(Beginning of Material supplied)

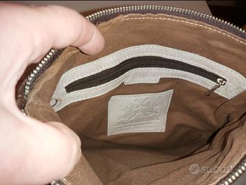 borsa tracolla originale LA MARTINA grande, può contenere un grande tablet, da uomo ma io l'ho presa per me, davanti e dietro è in materiali diversi ed i colori sono neutri, molto bella, rifinita molto bene come sempre dalla casa madre sono oggetti di alta qualità, pagata 250 in saldo, svendo perché non la uso piu
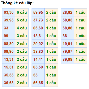 Cặp lô 06 (vị trí ghép cầu 37-59), 30 (39-97), 39 (65-82), 55 (10-55), 65 (13-55), 95 (9-55)
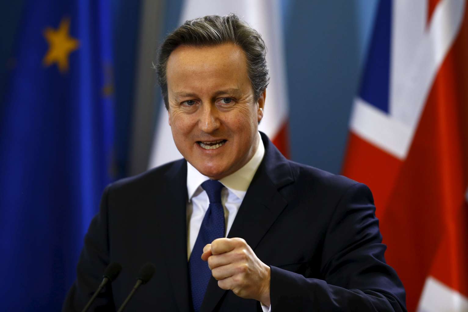Britain's Prime Minister David Cameron speaks during a joint news conference with his Polish counterpart Beata Szydlo in Warsaw, Poland.
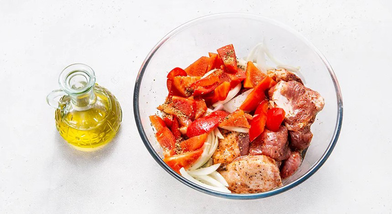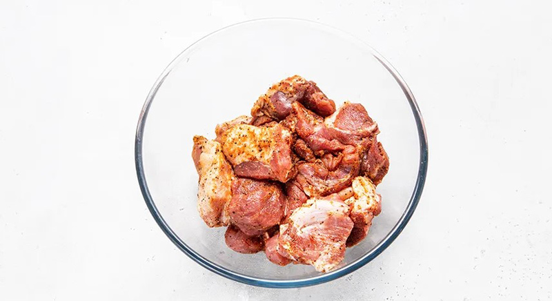Нарежьте свинину средними кусочками. Выложите в миску. Приправьте паприкой, луковым порошком, перцем чили, свежемолотым черным перцем по вкусу. Хорошо помассируйте мясо руками, чтобы специи равномерно покрыли все кусочки.
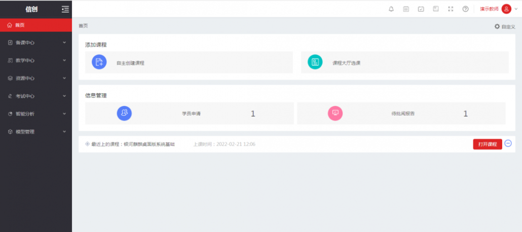 普開數據信創實訓平臺,提供教師、學生、管理員、科研等多種角色。打通課前、課中、課后全教學場景,融合備課、遠程教學、綜合考試、教學行為分析、學習行為分析、實驗報告、實操訓練等豐富功能。平臺提供包括:金山辦公、達夢數據庫、人大金倉數據庫、各類中間件、麒麟系統、交叉編譯等不同廠商的技術實訓內容,同時也包含大量產業應用案例。平臺的實訓素材包含配套的實驗手冊、教學視頻、教學PPT等素材。
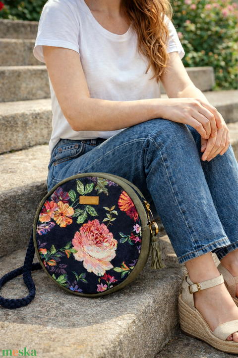 Zöld, rózsamintás körtáska, kőr alakú válltáska, valódi gobelin szövetből makramé vagy műbőr vállpánttal
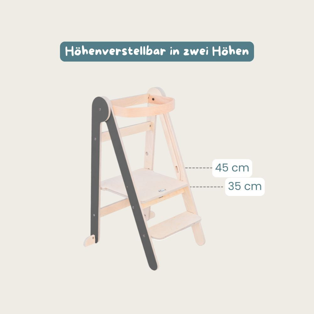 Dieses praktische Design kann einfach zusammengeklappt und in der Höhe verstellt werden, um sich dem Wachstum deines Kindes anzupassen. Ideal, um schon im frühen Alter bei alltäglichen Dingen mitzuhelfen und die Selbstständigkeit und Neugier deines Kindes zu fördern, während Stil, Sicherheit und Langlebigkeit gewährleistet sind.
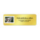 Elegant, modern DIY personalized return address label for one person (can be customized for a family as well), with a stand-in (with a mask with rounded corners) for a photo of your pet cat (or one of you and your furball friend; or you can upload a photo of a dog instead), and with elegant calligraphy / handwriting script with flourishes for your first and last name or your family's name plus all-caps writing for your address. On a stylish golden gradient background with a white frame for the pet's photo.
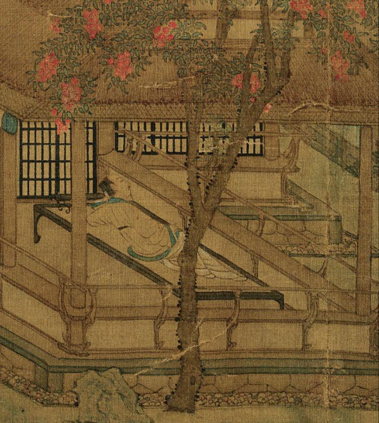 宋《荔院閑眠圖》(局部)紅色荔枝綴滿枝頭,高士倚臥榻上,有夏日乘涼之美意。
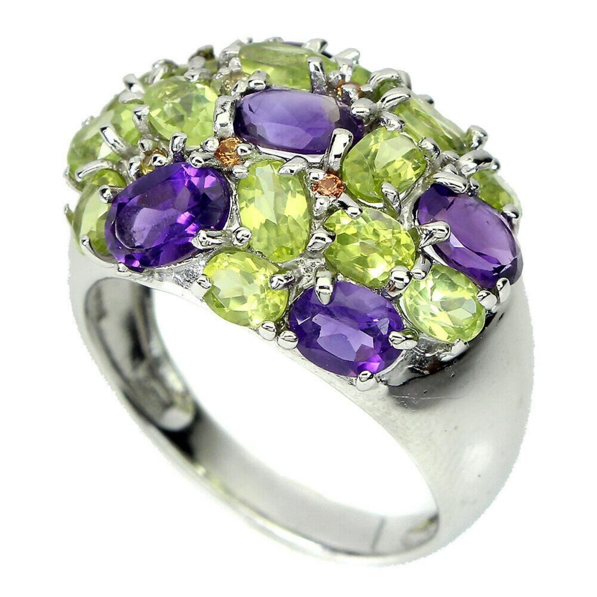 925 STERLING SILVER;PLATE-14K WHITE GOLD;RING SIZE-9(RESIZABLE);MAIN STONE-AMETHYST;OTHER GEMS-PERIDOT, SAPPHIRE DIAMOND CUT;TOTAL WEIGHT-5.55 GRAM (TOTAL WEIGHT OF SILVER + STONE);DIMENSION-* STONE 1.5 TO 6.0 X 4.0 MM. * RING SIZE 9.0 * FACE RING 22.0 X 16.0 MM.;MAIN STONE SHAPE-OVAL CUT;MAIN STONE COLOR- PURPLE;CLARITY/GRADE-IF;TREATMENT-UNHEATED;ORIGIN-URUGUAY;HARDNESS- 7;
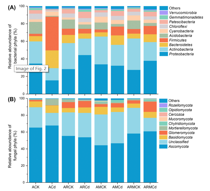 我們的研究在所有不同的處理中檢測到了10個細菌門類(相對豐度>1%),即變形菌門(Proteobacteria)、放線菌門(Actinobacteria)、擬桿菌門(Bacteroidetes)、厚壁菌門(Firmicutes)、酸桿菌門(Acidobacteria)、藍藻細菌門(Cyanobacteria)、綠彎菌門(Chloroflexi)、髕骨細菌門(Patescibacteria)、芽單胞菌門(Gemmatimonadetes)和疣微菌門(Verrucomicrobia) (圖2A)。相對豐度<1%的其他種群被歸為”Others”。在所有處理中,Bacteroidetes、Actinobacteria、Proteobacteria和Firmicutes是主要的細菌門。Cd添加、接種及其相互作用顯著影響了Firmicutes、Bacteroidetes和Acidobacteria的相對豐度。特別是Cd的添加,明顯降低了所有接種(AR、AM和ARM)處理中Actinobacteria的相對豐度,而增加了兩個接種(AM和ARM)處理中Firmicutes的相對豐度。

(End of Material supplied)

■ **How to complete this task**
Exact copies of all the entries are needed; output them without the pictures.

■ **Answer section**
 borsa tracolla originale LA MARTINA grande, può contenere un grande tablet, da uomo ma io l'ho presa per me, davanti e dietro è in materiali diversi ed i colori sono neutri, molto bella, rifinita molto bene come sempre dalla casa madre sono oggetti di alta qualità, pagata 250 in saldo, svendo perché non la uso piu
 Cặp lô 06 (vị trí ghép cầu 37-59), 30 (39-97), 39 (65-82), 55 (10-55), 65 (13-55), 95 (9-55)
Britain's Prime Minister David Cameron speaks during a joint news conference with his Polish counterpart Beata Szydlo in Warsaw, Poland.
Нарежьте свинину средними кусочками. Выложите в миску. Приправьте паприкой, луковым порошком, перцем чили, свежемолотым черным перцем по вкусу. Хорошо помассируйте мясо руками, чтобы специи равномерно покрыли все кусочки.
 普開數據信創實訓平臺,提供教師、學生、管理員、科研等多種角色。打通課前、課中、課后全教學場景,融合備課、遠程教學、綜合考試、教學行為分析、學習行為分析、實驗報告、實操訓練等豐富功能。平臺提供包括:金山辦公、達夢數據庫、人大金倉數據庫、各類中間件、麒麟系統、交叉編譯等不同廠商的技術實訓內容,同時也包含大量產業應用案例。平臺的實訓素材包含配套的實驗手冊、教學視頻、教學PPT等素材。
 Zöld, rózsamintás körtáska, kőr alakú válltáska, valódi gobelin szövetből makramé vagy műbőr vállpánttal
 Dieses praktische Design kann einfach zusammengeklappt und in der Höhe verstellt werden, um sich dem Wachstum deines Kindes anzupassen. Ideal, um schon im frühen Alter bei alltäglichen Dingen mitzuhelfen und die Selbstständigkeit und Neugier deines Kindes zu fördern, während Stil, Sicherheit und Langlebigkeit gewährleistet sind.
 Elegant, modern DIY personalized return address label for one person (can be customized for a family as well), with a stand-in (with a mask with rounded corners) for a photo of your pet cat (or one of you and your furball friend; or you can upload a photo of a dog instead), and with elegant calligraphy / handwriting script with flourishes for your first and last name or your family's name plus all-caps writing for your address. On a stylish golden gradient background with a white frame for the pet's photo.
 宋《荔院閑眠圖》(局部)紅色荔枝綴滿枝頭,高士倚臥榻上,有夏日乘涼之美意。
 925 STERLING SILVER;PLATE-14K WHITE GOLD;RING SIZE-9(RESIZABLE);MAIN STONE-AMETHYST;OTHER GEMS-PERIDOT, SAPPHIRE DIAMOND CUT;TOTAL WEIGHT-5.55 GRAM (TOTAL WEIGHT OF SILVER + STONE);DIMENSION-* STONE 1.5 TO 6.0 X 4.0 MM. * RING SIZE 9.0 * FACE RING 22.0 X 16.0 MM.;MAIN STONE SHAPE-OVAL CUT;MAIN STONE COLOR- PURPLE;CLARITY/GRADE-IF;TREATMENT-UNHEATED;ORIGIN-URUGUAY;HARDNESS- 7;
 我們的研究在所有不同的處理中檢測到了10個細菌門類(相對豐度>1%),即變形菌門(Proteobacteria)、放線菌門(Actinobacteria)、擬桿菌門(Bacteroidetes)、厚壁菌門(Firmicutes)、酸桿菌門(Acidobacteria)、藍藻細菌門(Cyanobacteria)、綠彎菌門(Chloroflexi)、髕骨細菌門(Patescibacteria)、芽單胞菌門(Gemmatimonadetes)和疣微菌門(Verrucomicrobia) (圖2A)。相對豐度<1%的其他種群被歸為”Others”。在所有處理中,Bacteroidetes、Actinobacteria、Proteobacteria和Firmicutes是主要的細菌門。Cd添加、接種及其相互作用顯著影響了Firmicutes、Bacteroidetes和Acidobacteria的相對豐度。特別是Cd的添加,明顯降低了所有接種(AR、AM和ARM)處理中Actinobacteria的相對豐度,而增加了兩個接種(AM和ARM)處理中Firmicutes的相對豐度。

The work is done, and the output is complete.